Starting point is 00:09:08 There is. And it may or may not have been articulated there. Some of this is inference. But behavior is a language, as they say. And he went out of his way to, of course, praise Apple, praise Tim Cook. Tim Cook was at the meeting, CEO of Apple. He had informed Tim Cook apparently the day before that Berkshire had reduced their stake. It's a massive stake for them.
Starting point is 00:09:35 It's still by far their largest holding. From the Apple perspective, I could point to last week's earnings report out of Apple, where iPhone sales fell 10 percent. It's a company that's kind of gone X growth a little bit. They're not a lot of top line growth. They're doing well on services. They're still a cash engine. But the days when, I mean, five years ago, just over five years ago, you could buy Apple for 10 times cash flow. You were buying it for eight or nine times operating profit.

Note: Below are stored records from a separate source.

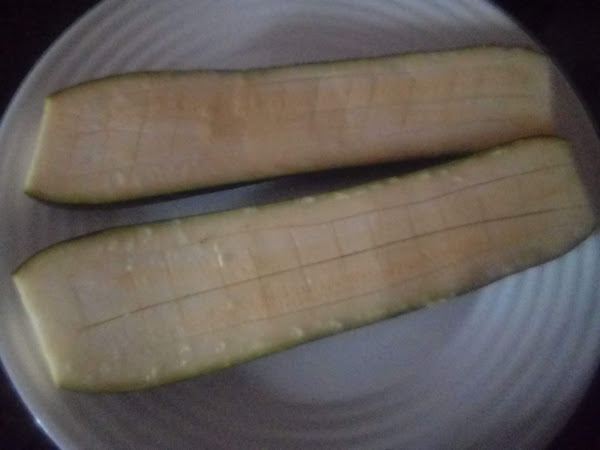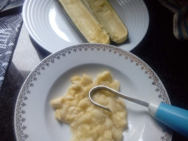 Lavamos el calabacín y lo partimos porla mitad. Hacemos unos cortes en la parte blanca para luego vaciarlos con facilidad. Metemos en el micro 10 minutos.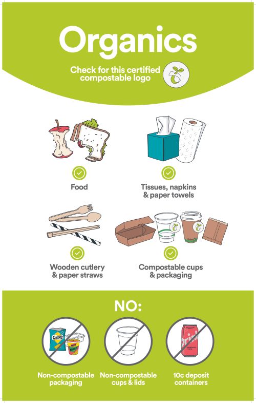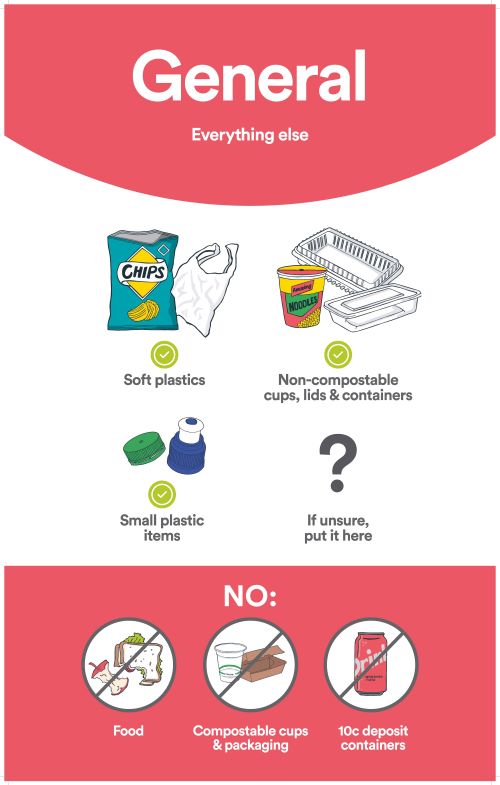 Bin signage incorporates images of the waste to guide you how to separate waste into our four main waste streams.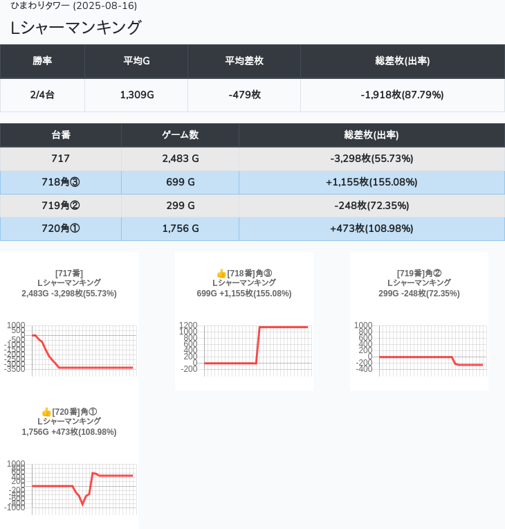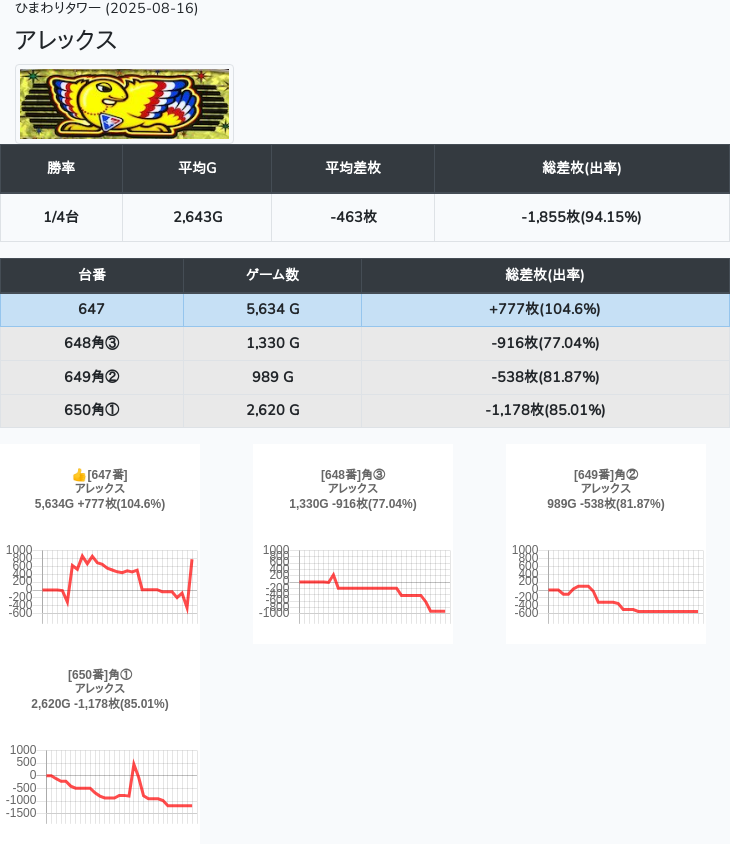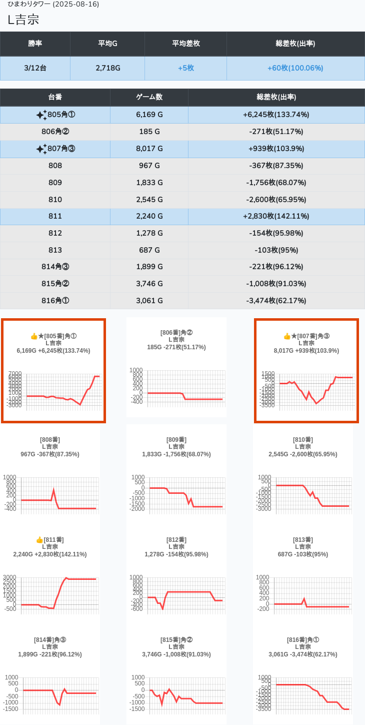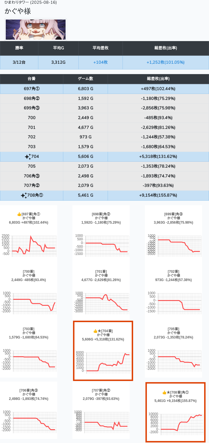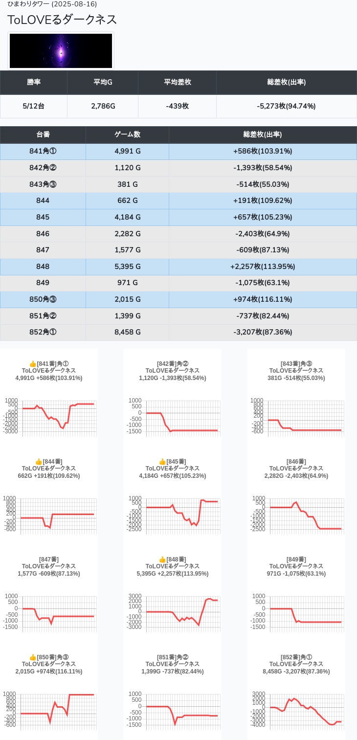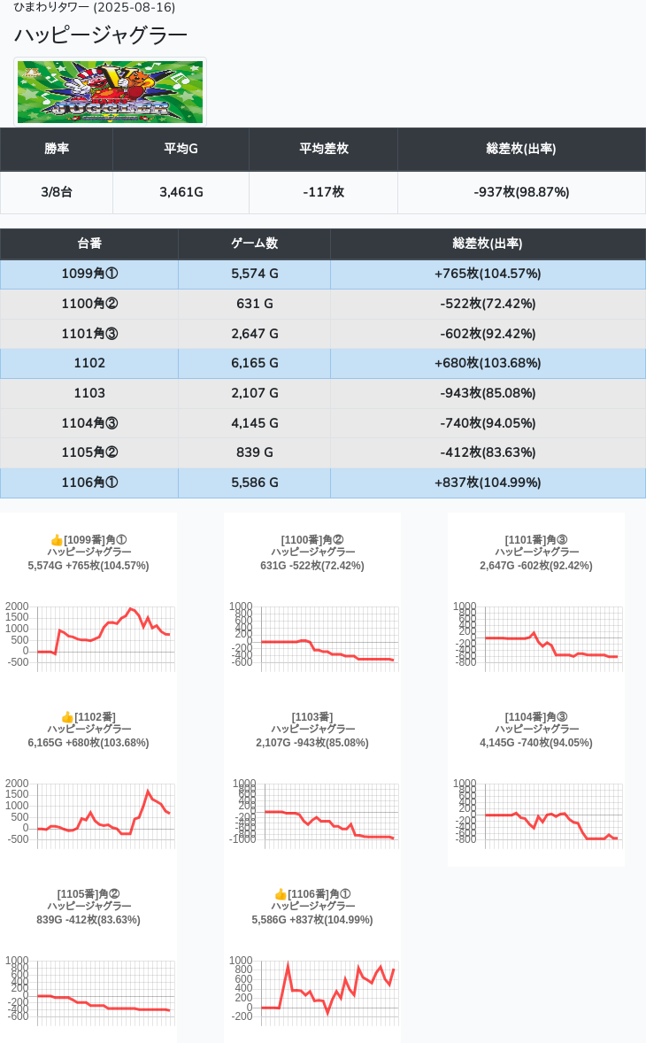 2026/01/27 aipos 【オンサロ要望】 8月16日 ひまわりタワー -83,572枚 甲鉄城のカバネリ 3/5台 Lスーパーブラックジャック 4/6台 Lモンスターハンターライズ 9/12台

Starting point is 00:10:06 Today, it's about 22, 23 times operating profit. And like I said, growth is slowed. So, you know, this may just be Buffett saying, I've got a giant position. I'm going to call some of it because it has really significantly re-rated. If you were a buyer in late 2018, early 2019 of Apple and I was, you're very, very happy. You've got a multi-bagger out of one of the world's largest companies, which should not happen. But it did, and we're very happy. And Buffett did, and he's very happy. That's set. I kind of took away. And again, with the overall tone of the meeting, there was a couple of things that stood out to me about the Apple sale. First, he framed it alongside talking about taxes. And we're happy to pay taxes because
Starting point is 00:10:51 as we've done well and we are in America and the capitalist system. And you know, yay, red, white and blue says the Canadian analyst. You know, I love America. You guys know that. But you know, like I appreciate you. Well, you know, we refer to you as Canada's pants, of course. And you refer to us as America's hat. So it works.
Starting point is 00:11:09 America's hat. There you go. So, you know, but a lot of it was taxes. And you know, you could almost read into his commentary that he thinks tax rates, capital gains tax rates might be going in a specific direction in the future. And that direction's not down. And so he kind of inferred that, well, maybe you might be kind of happy with us in a few years because Apple's still going to be our largest holding.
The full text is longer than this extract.